Proactive Cyber Defense with KillChainGraph

Sunday, August 31, 2025

In this post, we’ll explore a machine learning framework designed to combine the attack flow from the Lockheed Cyber Kill Chain with the MITRE ATT&CK dataset, enabling better contextualization, prediction, and defense against adversarial behavior.

This post is a summarization of research conducted by Chitraksh Singh, Monisha Dhanraj, and Ken Huang in their paper “KillChainGraph: ML Framework for Predicting and Mapping ATT&CK Techniques”.

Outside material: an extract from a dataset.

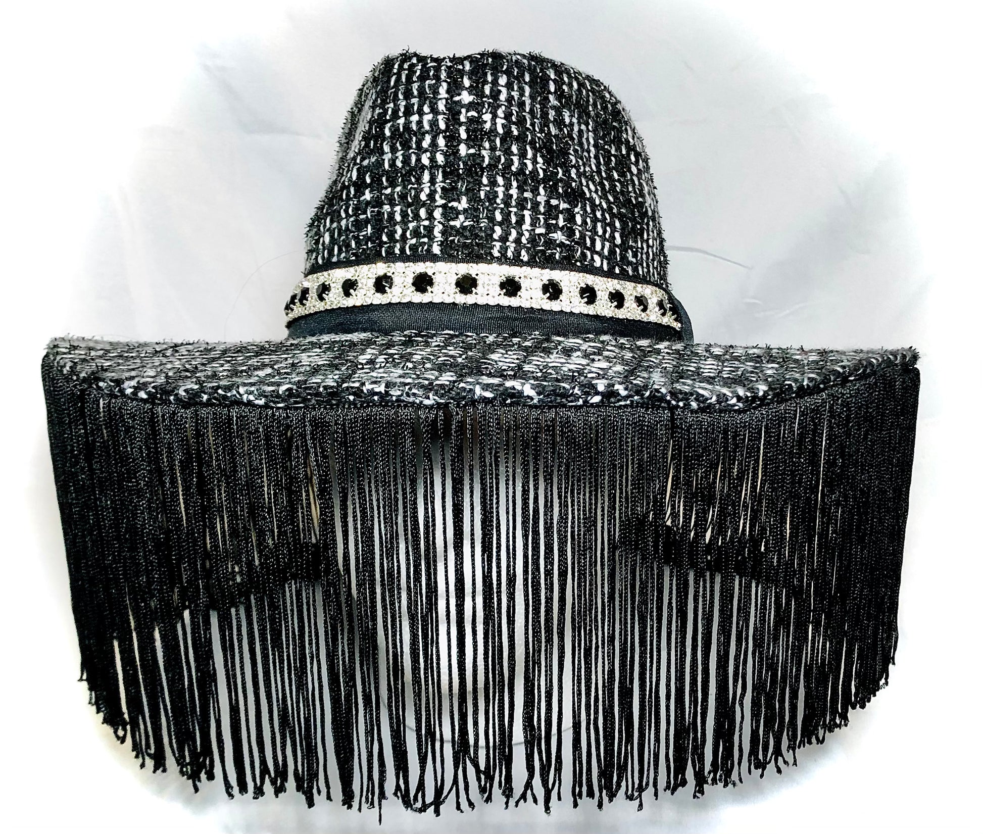 Black/White Knit Wool Hat with Black Fringe and small Diamond Trim

You can read their full paper on ArXiv here: https://arxiv.org/abs/2508.18230v1

Introduction
What is MITRE ATT&CK?
What is the Cyber Kill Chain?
Why KillChainGraph?
Methodology
- Dataset
- LightGBM (LGBM)
- Transformer
- BERT
- Graph Neural Network (GNN)
- Ensemble Strategy
- Semantic Mapping and Graph Construction
Results
Conclusion

Introduction

Conventional security tooling such as firewalls, rule-based intrusion detection systems, and signature-based analysis has long been the standard for security teams across the industry. It’s always been a cat-and-mouse game - as adversaries become more advanced, security professionals look for new ways to defend.

In addition to known threat actors and APT groups, advances in GenAI have led to a rise in sophisticated exploitation from unsophisticated actors. Just recently, Anthropic has documented the use of Claude to enhance cybercriminal operations and enable what they call “vibe hacking”, which is exactly what you think it is.

Defenders have been stuck playing catch up - most of the existing tooling they use operates reactively and are often ineffective against threats like zero day vulnerabilities and polymorphic malware. As adversaries become more advanced and the barrier to entry for sophisticated exploitation lowers, security professionals must adopt new techniques to stay ahead of the evolving threat landscape.

Recent works have shown success in using machine learning for intrusion detection and anomaly classification, allowing defenders to be proactive instead of reactive. This paper expands on that area of work by leveraging machine learning to combine the attacker lifecycle described by the Cyber Kill Chain (CKC) with adversarial techniques from MITRE ATT&CK. By mapping known ATT&CK techniques to phases of the CKC, we have all the information we need to contextualize, predict, and defend against an increasingly wide set of adversarial behavior.

In this paper, the researchers present a multi-model machine learning framework dubbed KillChainGraph that emulates adversarial behavior across the seven phases of the CKC using the ATT&CK Enterprise dataset. This machine learning approach offers a scalable solution for extracting behavioral insights from large volumes of cyber threat intelligence data, allowing defenders to proactively identify full-cycle attack paths and preemptively strengthen security controls.

What is MITRE ATT&CK?

ATT&CK is a globally accessible knowledge base maintained by the MITRE Corporation that houses detailed adversarial behavior. It catalogues known TTPs (Tools, Tactics, and Procedures) employed by threat actors based on real-world observations and is constantly updated as new TTPs are discovered. Security teams across the globe use this knowledge to understand, test, and defend against cyberattacks.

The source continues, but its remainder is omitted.